During exam seasons, before deadlines, after hard days — I go to the baths. Rudas, with its octagonal dome and rooftop views, is my favorite for moments when I need clarity. Széchenyi, especially in the winter, offers a kind of fairy-tale decadence. Gellért feels like stepping into a Wes Anderson film, and if you want something more hidden, Veli Bej — intimate, quiet, and deeply historic — is a gem.

The Hungarian cuisine: comfort, culture, and calories I don’t regret

My deepest memories are marked by food. In 2023, I spent Christmas with the family of one of my closest Hungarian friends. That’s when I first tasted Hortobágyi palacsinta, served with a reverence that made me realize this dish is more than a recipe — it’s love folded into a pancake.
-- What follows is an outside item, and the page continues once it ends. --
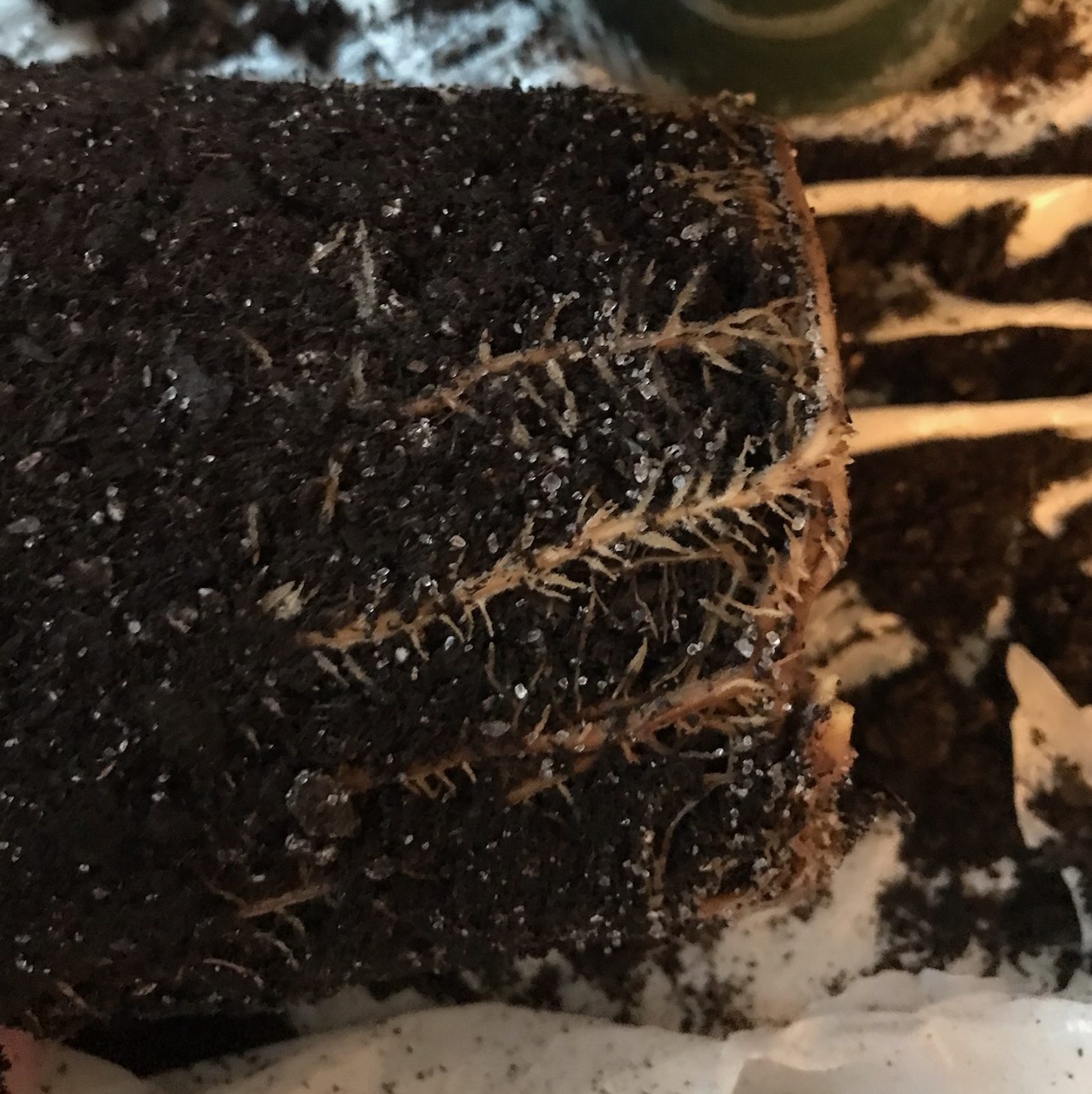 Normally I’d do a lot more root work than this. I like to get the roots nice and loosened from any clod-up dirt. I did loosen the bottom more than the top, as evidenced by the dirt all over the place.

The father handed me a glass of quince pálinka as if handing down a family secret.

Since then, Hortobágyi palacsinta and pálinka became my comfort duo. Whenever I’m sad, I knock on their door. No explanation needed. They already have the plate warm and the pálinka poured.

That same winter, I must have eaten 10 kilos of bejgli. And I regret none of it.

When I’m not at work: my Budapest rituals

This city has something for every version of yourself. On energetic days, I run through Margaret Island, under the canopy of trees. I cycle along Kopaszi gát, where the city feels quieter and the water always keeps pace with my thoughts. I walk endlessly across the bridges of Budapest, each one offering a new perspective of a city that keeps shifting — like a kaleidoscope.

I picnic in Normafa, read books in Múzeumkert, attend the Opera and Operetta, sing karaoke in Gozsdu Udvar, jump on the trampoline in my backyard, and wander up to the Philosophers’ Garden on Gellért Hill, where the city stretches out below the statues and everything feels briefly in balance. I chase squirrels in Városliget like a child on a sugar rush and order mákos guba at my favorite café — even though I pretend to look at the menu every time. Some days I take tram 2 just to sit in the front and watch the Parliament slide by like it’s part of a movie I somehow live in.